[[ INPUT open ]]

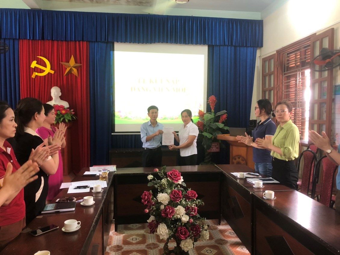 Phát biểu tại Lễ kết nạp Đảng viên Đồng chí Nguyễn Thị Thu –Bí thư Chi bộ đã phân công nhiệm vụ cho đảng viên mới và chúc mừng đồng chí, sau một thời gian được bồi dưỡng, thử thách đã được vinh dự đứng trong hàng ngũ của Đảng Cộng sản Việt Nam.
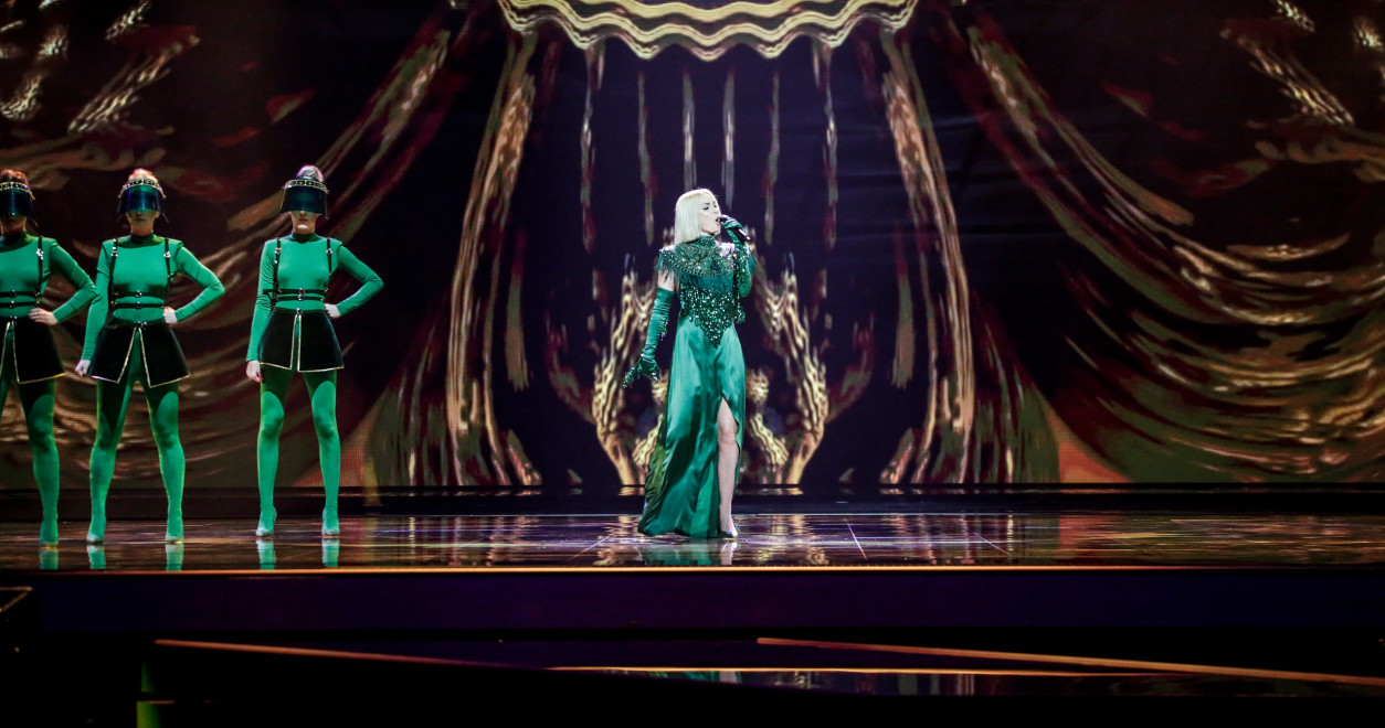 Nach dem ESC werde ich noch lange von Glitzerfransen träumen. Auch Samanta Tina schmückt ihr Outfit mit selbigem. Jedoch trägt sie (zum Glück) keinen Sportbody. Ihr Bühnenkostüm sieht ziemlich ansprechend aus, auch wenn die Fransen auch hier teilweise etwas billig wirken. Sowohl sie als ihre Backgroundsängerinnen tragen dunkelgrün. Einige Tanzschritte, die man aus dem Clip und auch aus Pre-Partys kennt, sind geblieben. So formen die Protagonistinnen mit ihren Händen die Krone. Im Hintergrund sind gold-braune Ornamente auf der Leinwand zu sehen. Ich finde zwar alles sehr ansprechend, aber auch hier wäre noch mehr drin gewesen. Hallo?! Sie singt im ersten Satz des Liedes „The Queen of the night is coming…“. Mit einem größeren „Bäähm“ kann man sich nicht ankündigen. Dieser „Bäähm“-Moment fehlt mir noch, aber dennoch finde ich das, was man sieht, nicht schlecht.
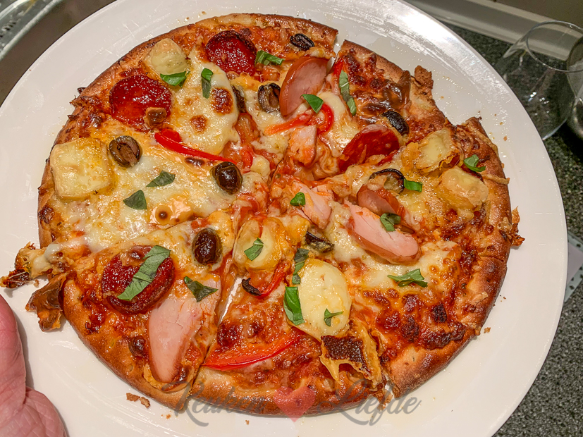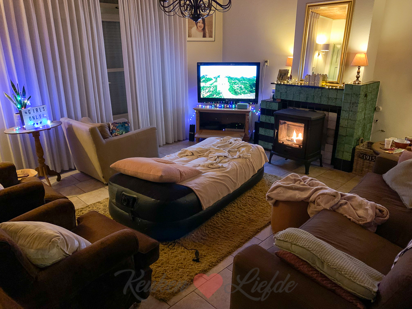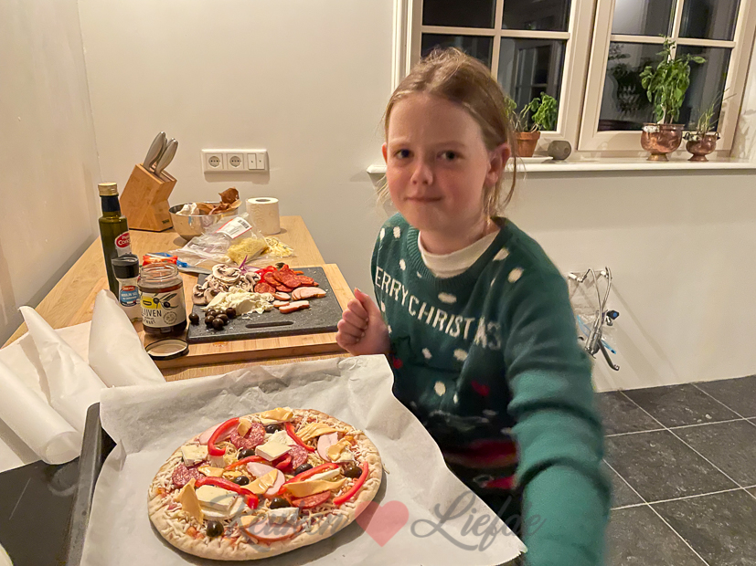 Ella heeft geen voetbalwedstrijd vandaag en dus kunnen we een keertje met z’n drieën op pad. We rijden naar de IKEA in Utrecht om even rond te neuzen en daarna mag Ella nog een uurtje springen in Jumpsquare in Nieuwegein. Op de terugweg naar huis halen we drie margherita-diepvriespizza’s en wat ingrediënten (gerookte kip, chorizo, paprika, champignons, ui, olijven en mozzarella) om ze extra te beleggen. Als we thuiskomen kleden we ons om, steken de houtkachel aan en beleggen de pizza. Daarna nestelen we ons op de bank voor de tv.
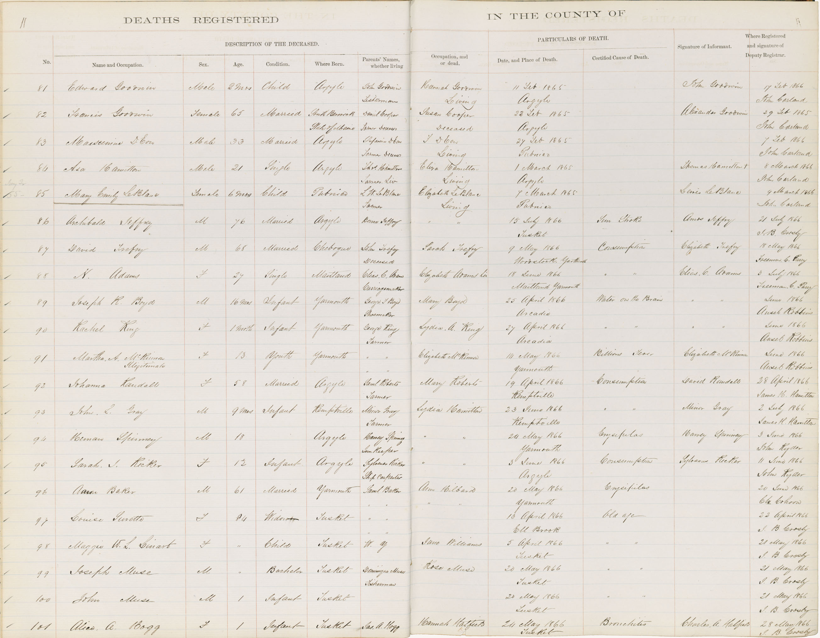 Death Registration: Year: 1866 book: 1818 page: 11 number: 101
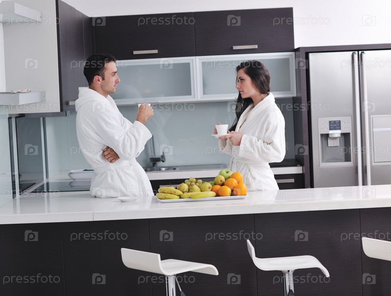 Молодая пара пьет кофе утром на кухне
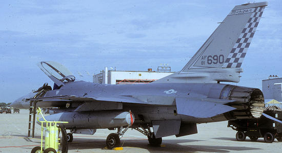 The F-16 Air Defense Fighter (ADF) was a special variant of the Block 15 optimized for the United States Air National Guard's fighter interception mission. Begun in 1989, 270 airframes were modified. Some were fully modified while few others were only partially updated. Avionics were upgraded (including the addition of an Identification Friend or Foe (IFF) interrogator with "bird-slicing" IFF antennas), and a spotlight fitted forward and below the cockpit, for night-time identification. This was the only US version equipped with the AIM-7 Sparrow air-to-air missile. Beginning in 1994, these aircraft began to be replaced by newer F-16C variants. By 2005, only the North Dakota ANG was flying this variant, with these last examples retired by 2007. Interestingly, two ANG units, the 169th FS Illinois ANG and 198th FS Puerto Rico ANG flew these aircraft in the ground attack role.
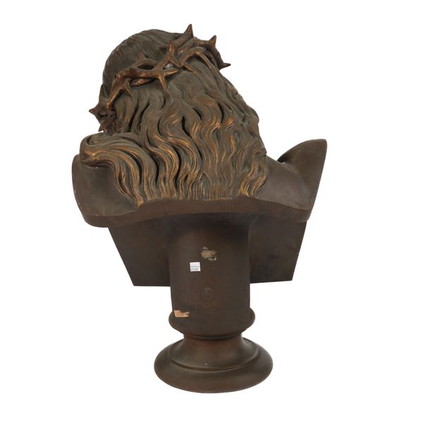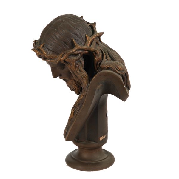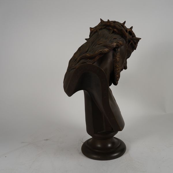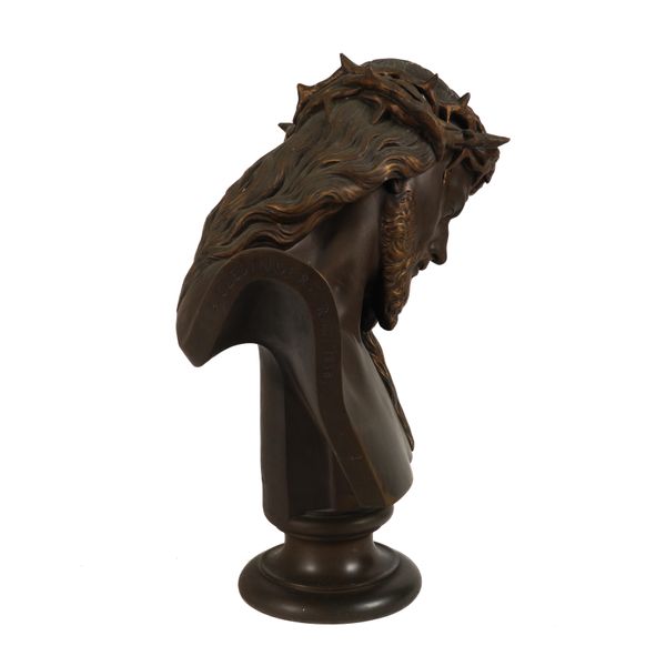 JEAN-BAPTSISTE AUGUSTE CLESIGNER (FRENCH, 1814-1883): A FRENCH BRONZE BUST OF CHRIST WEARING A CROWN OF THORNS
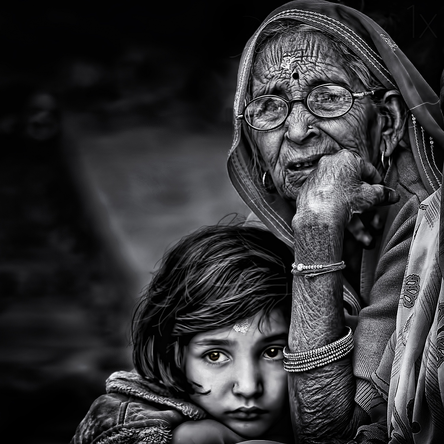 – the experience and characteristic lines in the older person’s face or hands compared to the smoothness, innocence and vulnerability of the younger face can elicit all kinds of meanings and responses
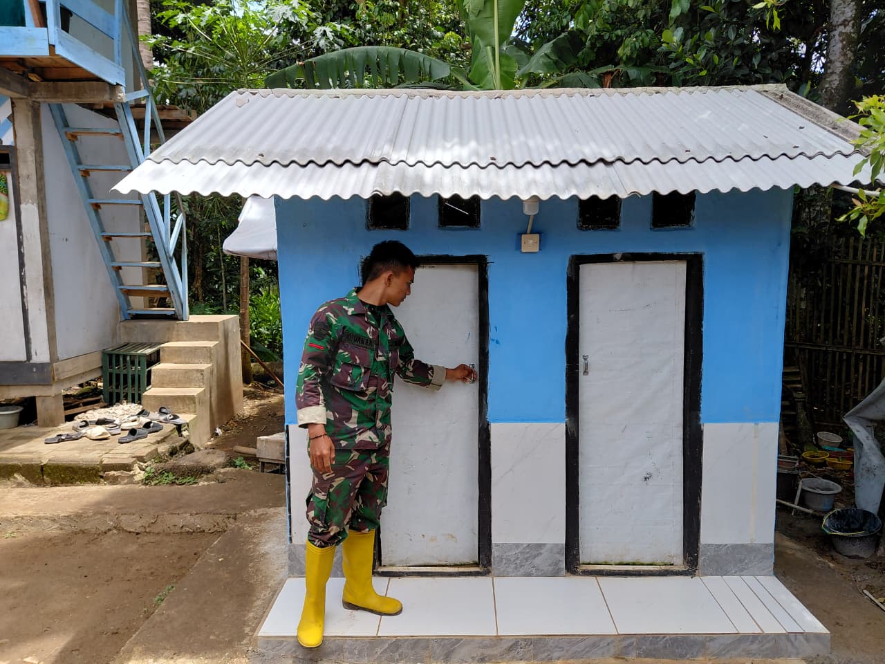 Dalam foto terlihat salah satu anggota Satgas TMMD sedang melakukan pengecekan hasil akhir bangunan MCK yang telah berdiri kokoh dan rapi. Pengecekan ini dilakukan sebagai bagian dari proses pengawasan kualitas bangunan agar hasil kerja dapat dimanfaatkan dengan baik oleh masyarakat.
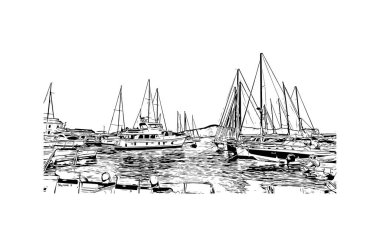 Print Building view with landmark of Monaco is the country of Europe. Vektörde elle çizilmiş resim ile suluboya sıçraması.
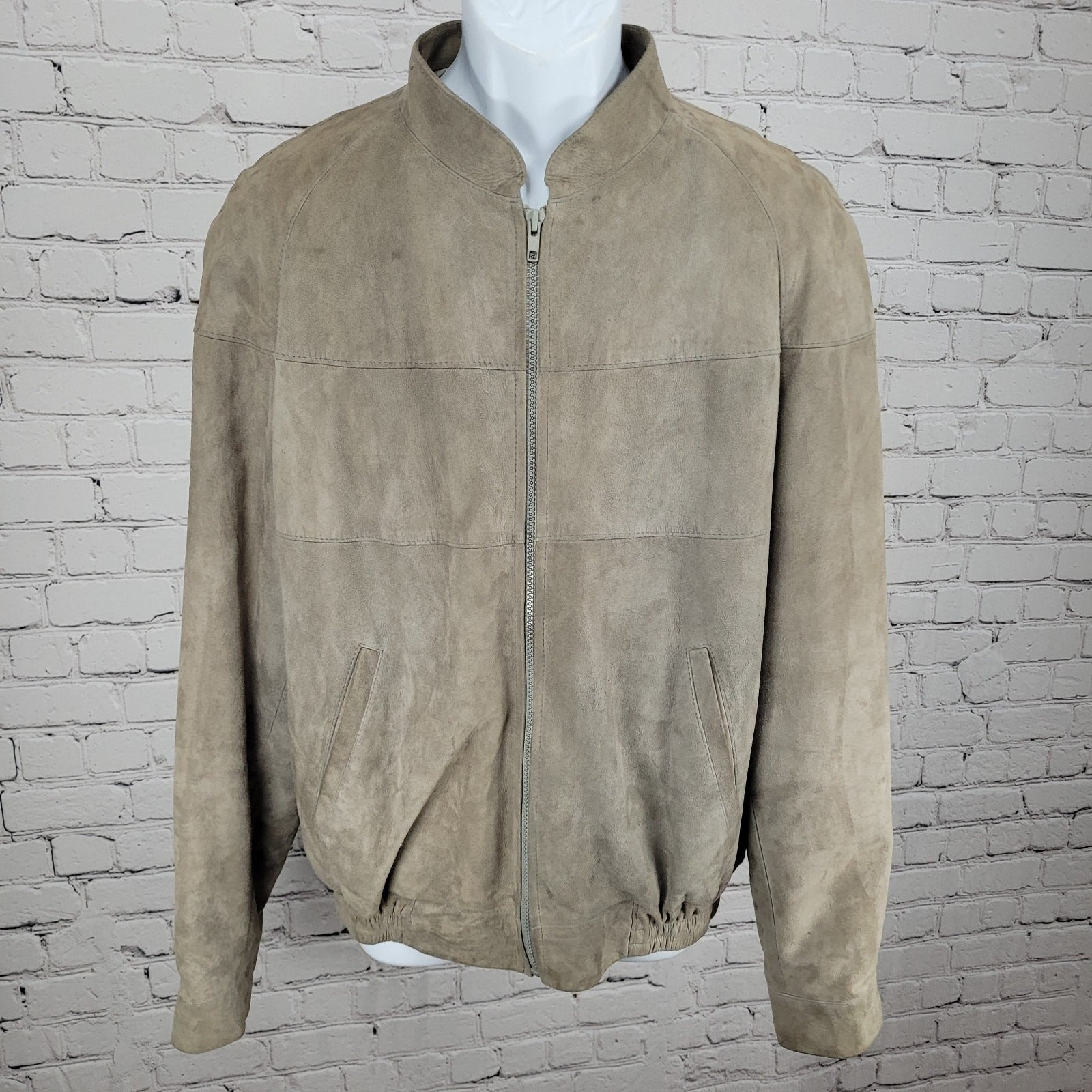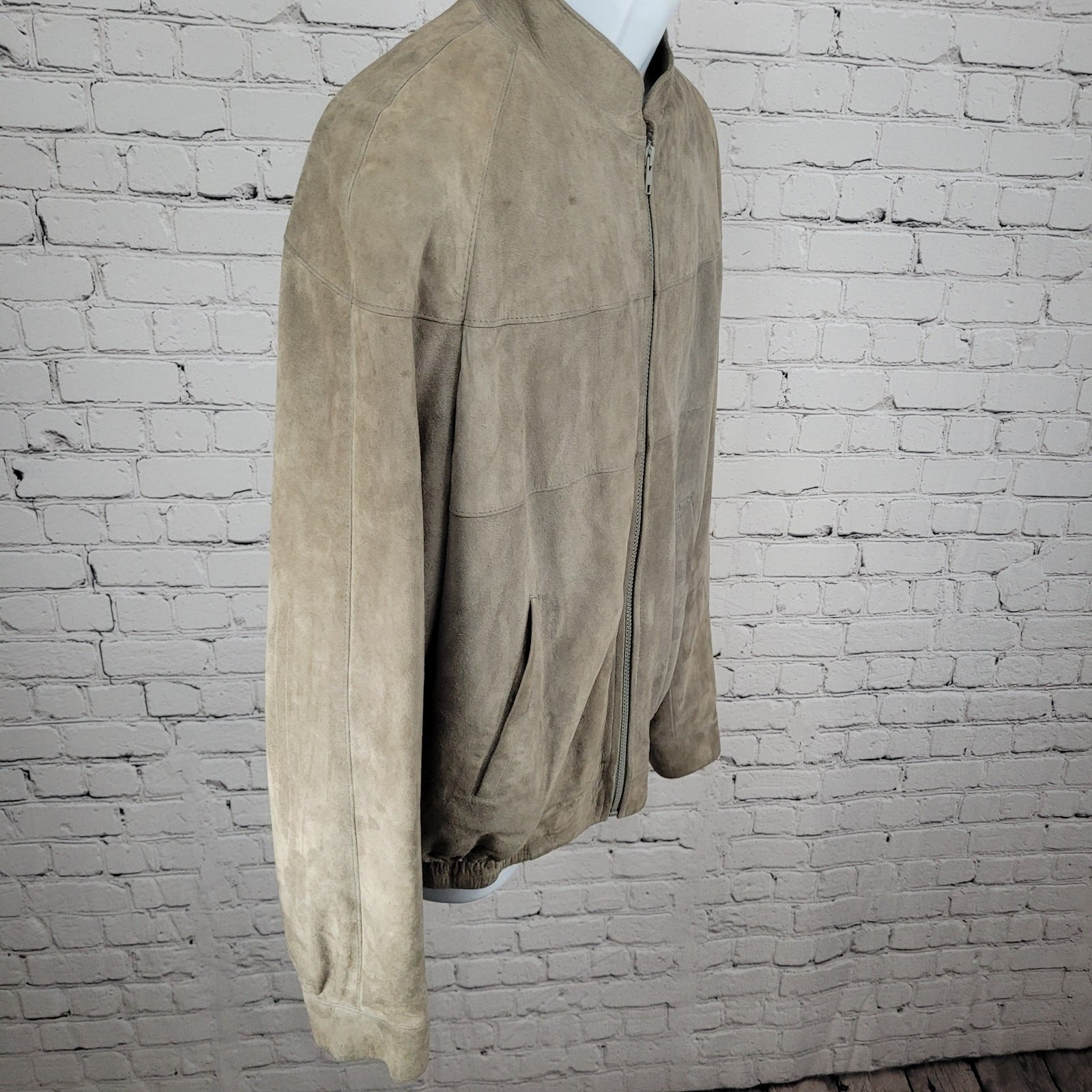 VTG Outbak Grey Taupe Soft Suede Full Zip Jacket New Zealand Handcut Size 46

[[ INPUT closed ]]

YOUR OBJECTIVE = The records must come back exactly, with their pictures removed.

SOLUTION TO THE EXERCISE =
 Phát biểu tại Lễ kết nạp Đảng viên Đồng chí Nguyễn Thị Thu –Bí thư Chi bộ đã phân công nhiệm vụ cho đảng viên mới và chúc mừng đồng chí, sau một thời gian được bồi dưỡng, thử thách đã được vinh dự đứng trong hàng ngũ của Đảng Cộng sản Việt Nam.
 Nach dem ESC werde ich noch lange von Glitzerfransen träumen. Auch Samanta Tina schmückt ihr Outfit mit selbigem. Jedoch trägt sie (zum Glück) keinen Sportbody. Ihr Bühnenkostüm sieht ziemlich ansprechend aus, auch wenn die Fransen auch hier teilweise etwas billig wirken. Sowohl sie als ihre Backgroundsängerinnen tragen dunkelgrün. Einige Tanzschritte, die man aus dem Clip und auch aus Pre-Partys kennt, sind geblieben. So formen die Protagonistinnen mit ihren Händen die Krone. Im Hintergrund sind gold-braune Ornamente auf der Leinwand zu sehen. Ich finde zwar alles sehr ansprechend, aber auch hier wäre noch mehr drin gewesen. Hallo?! Sie singt im ersten Satz des Liedes „The Queen of the night is coming…“. Mit einem größeren „Bäähm“ kann man sich nicht ankündigen. Dieser „Bäähm“-Moment fehlt mir noch, aber dennoch finde ich das, was man sieht, nicht schlecht.
 Ella heeft geen voetbalwedstrijd vandaag en dus kunnen we een keertje met z’n drieën op pad. We rijden naar de IKEA in Utrecht om even rond te neuzen en daarna mag Ella nog een uurtje springen in Jumpsquare in Nieuwegein. Op de terugweg naar huis halen we drie margherita-diepvriespizza’s en wat ingrediënten (gerookte kip, chorizo, paprika, champignons, ui, olijven en mozzarella) om ze extra te beleggen. Als we thuiskomen kleden we ons om, steken de houtkachel aan en beleggen de pizza. Daarna nestelen we ons op de bank voor de tv.
 Death Registration: Year: 1866 book: 1818 page: 11 number: 101
 Молодая пара пьет кофе утром на кухне
 The F-16 Air Defense Fighter (ADF) was a special variant of the Block 15 optimized for the United States Air National Guard's fighter interception mission. Begun in 1989, 270 airframes were modified. Some were fully modified while few others were only partially updated. Avionics were upgraded (including the addition of an Identification Friend or Foe (IFF) interrogator with "bird-slicing" IFF antennas), and a spotlight fitted forward and below the cockpit, for night-time identification. This was the only US version equipped with the AIM-7 Sparrow air-to-air missile. Beginning in 1994, these aircraft began to be replaced by newer F-16C variants. By 2005, only the North Dakota ANG was flying this variant, with these last examples retired by 2007. Interestingly, two ANG units, the 169th FS Illinois ANG and 198th FS Puerto Rico ANG flew these aircraft in the ground attack role.
 JEAN-BAPTSISTE AUGUSTE CLESIGNER (FRENCH, 1814-1883): A FRENCH BRONZE BUST OF CHRIST WEARING A CROWN OF THORNS
 – the experience and characteristic lines in the older person’s face or hands compared to the smoothness, innocence and vulnerability of the younger face can elicit all kinds of meanings and responses
 Dalam foto terlihat salah satu anggota Satgas TMMD sedang melakukan pengecekan hasil akhir bangunan MCK yang telah berdiri kokoh dan rapi. Pengecekan ini dilakukan sebagai bagian dari proses pengawasan kualitas bangunan agar hasil kerja dapat dimanfaatkan dengan baik oleh masyarakat.
 Print Building view with landmark of Monaco is the country of Europe. Vektörde elle çizilmiş resim ile suluboya sıçraması.
 VTG Outbak Grey Taupe Soft Suede Full Zip Jacket New Zealand Handcut Size 46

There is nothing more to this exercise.